22:17 The gap between me and producing music was quite large. AI came in and narrowed the gap substantially. I think the same thing is going to occur in data engineering. The patterns are well known. Transforming common columns is well known. We have Data Wrangler, Power Query, Dataflows Gen 2. The transformations we’re doing are not rocket science.
22:50 I feel like this is going to be something where we communicate to an AI and say, “Here’s my source table. Here’s what I want to build on top of it. Here’s the transformations I want to produce.” And it will just build out a lot of things. You’ll be able to go back and review and the data flow pipeline will be ready.

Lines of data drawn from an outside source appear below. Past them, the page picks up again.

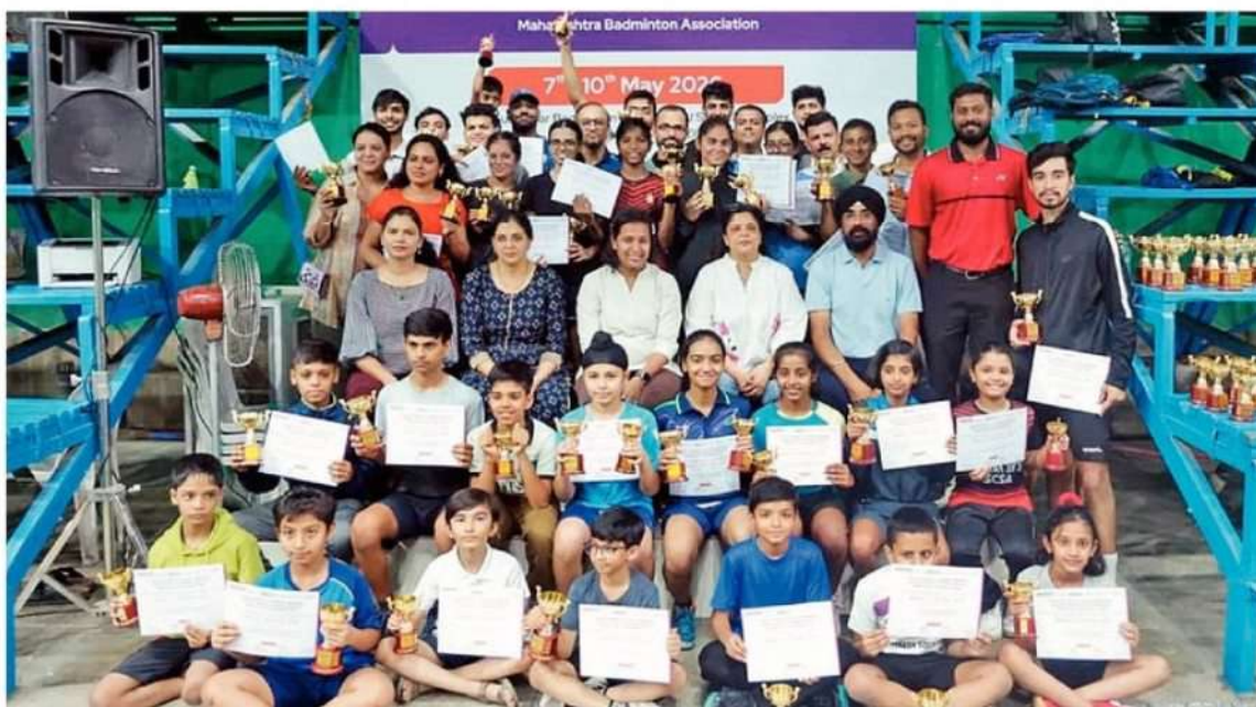
Prize winners of Yonex Sunrise GH Raisoni Memorial Nagpur District Summer Amateur Badminton Tournament with dignitaries.

NDBA's Summer Amateur Badminton Tournament concludes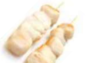
Y8 Hotate (Coquille Saint-Jacques) 5.50€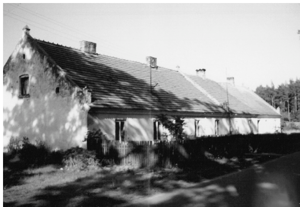
Fot. 9. Czworaki w Bąkach

enklawę zieleni o dużym znaczeniu w lokalnych układach ekologicznych.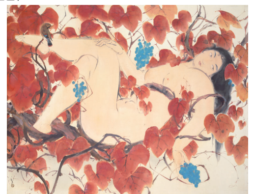
川端龍子《山葡萄》昭和8(1933)年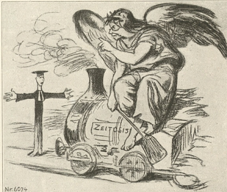
Abb. 34 Der Zeitgeist. 6074 (Wiener „Figaro“ 1886)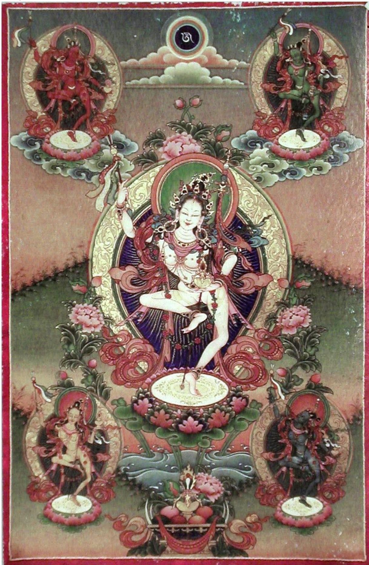
12) Công Chúa Mandarava (Một phối thân của Tổ Liên Hoa Sanh):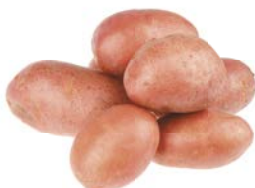
КАРТОФЕЛЬ, красный, 1кг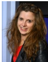
ANAËL PIGEAT Critique d'art et commissaire d'exposition, ancienne rédactrice en chef d'Art Press, auteure de diverses publications artistiques.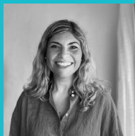
Esc. Rosana García Paz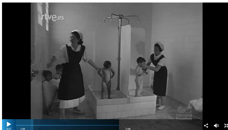
Figura 3. Cuidadoras de la guardería de Tarrasa duchando a los niños.

Estas pedagogías más avanzadas no aparecían explicadas en ningún número, pero sí encontramos, de forma general, las actividades que se ponían en práctica con los niños: “Valorar las cosas buenas y bellas, a concretar las primeras ideas que [bullían] en sus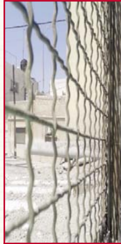
ريماز شاتي - لتسييح منازلكم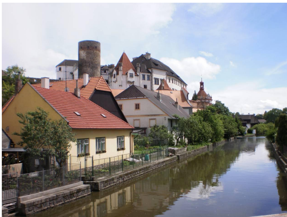
Obr. III.b, podzámčí v Jindřichově hradci, dnešní fotografie, autor: Jakub Melichar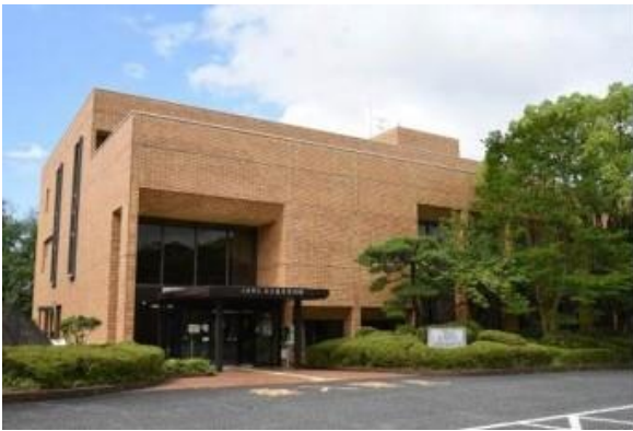
三木市 みき歴史資料館

23:40 You’re basically talking about vibe coding now, just in Fabric and in the data world rather than in open source.
24:06 Well, yes and no. There’s small glimpses of this but there’s no complete solution. I can’t go to an AI and say make a pipeline, build a notebook, save the data here. Everything right now in Fabric is a single AI that does a single experience.
24:44 Do I really want to build a pipeline? The settings, the options, the activities — that’s pretty well known. It feels like I could just talk to an AI agent and say I need a pipeline that loads data incrementally. Feels like a pattern it should figure out.
25:28 I don’t like AI to go find my insights on my data. Rather, I like to talk with the AI, plan stuff out, and have it build things for me that I can run on other systems.
26:19 The gap is continually closing. I don’t need all the technical skills. Here lies maybe my problem, Tommy, in my AI and music analogy — I know what I like to listen to. I know what sounds good to me. I also know what part of a song doesn’t sound good to me.
26:55 I can build a song. 90% of it may be spot on. There may be a section that’s wrong. The problem is I’m not a producer. I can’t go back and re-record that. I have to identify the problem, then diagnose, fix, and either the tooling exists in AI for me to talk back to solve the problem, or I have to physically chop the song up.
27:48 Let’s take that same analogy and overlay it on data engineering. In the music world, I’ve been listening to music since I was a kid. I’m maybe not an expert in creating music, but I’m an expert in listening. On the flip side, when you bring in new data engineers, they may build something and not know something’s off. The AI built 10 steps and step five isn’t quite right. But as a new person, how do you identify it’s a problem?
28:53 We’re going to democratize — bring down the ability for non-technical people to build things in a technical space. But when you bring lots of non-technical people down to a more technical level, you have to trust whatever the AI is doing. This is what I’ve found when I program with AI — it gets most things right, but when it makes a mistake or breaks something, it’s like building a web app and it builds 90% and then adding a feature just breaks the whole app.
30:21 Us as developers have to train ourselves to understand enough to know what it’s doing and identify where there’s problems. You’ve got to lean on the AI and understand that it is the ultimate knowledgeable thing around syntax and code. It just doesn’t know how to do what you want to do in the business.
31:02 I actually disagree with you. There’s a lot of things you can do and build an app in a language you have no idea what it is, as long as the AI is proper in showing you the output. I have local command line tools on my computer. I basically said hey, create a Python package called autocompleter — all it does is feed a readme file and then auto-inject all the commands and options into PowerShell auto-suggest.
32:40 But you’re affirming my point, Tommy. You’re leveraging AI for what it’s good at. It’s the ultimate knowledge expert around Python. Period. It will know more than you ever will because it’s been trained on the entire library.
33:47 This tooling is going to get evolved. We’re going to lose a little bit of context around what’s happening in the code and we’re going to do a lot more programming with it not in the actual code or the UI. We’re going to talk directly to it and expect the AI to produce it. Then we could say, “Okay, now optimize it. How can we do this faster, more efficiently?”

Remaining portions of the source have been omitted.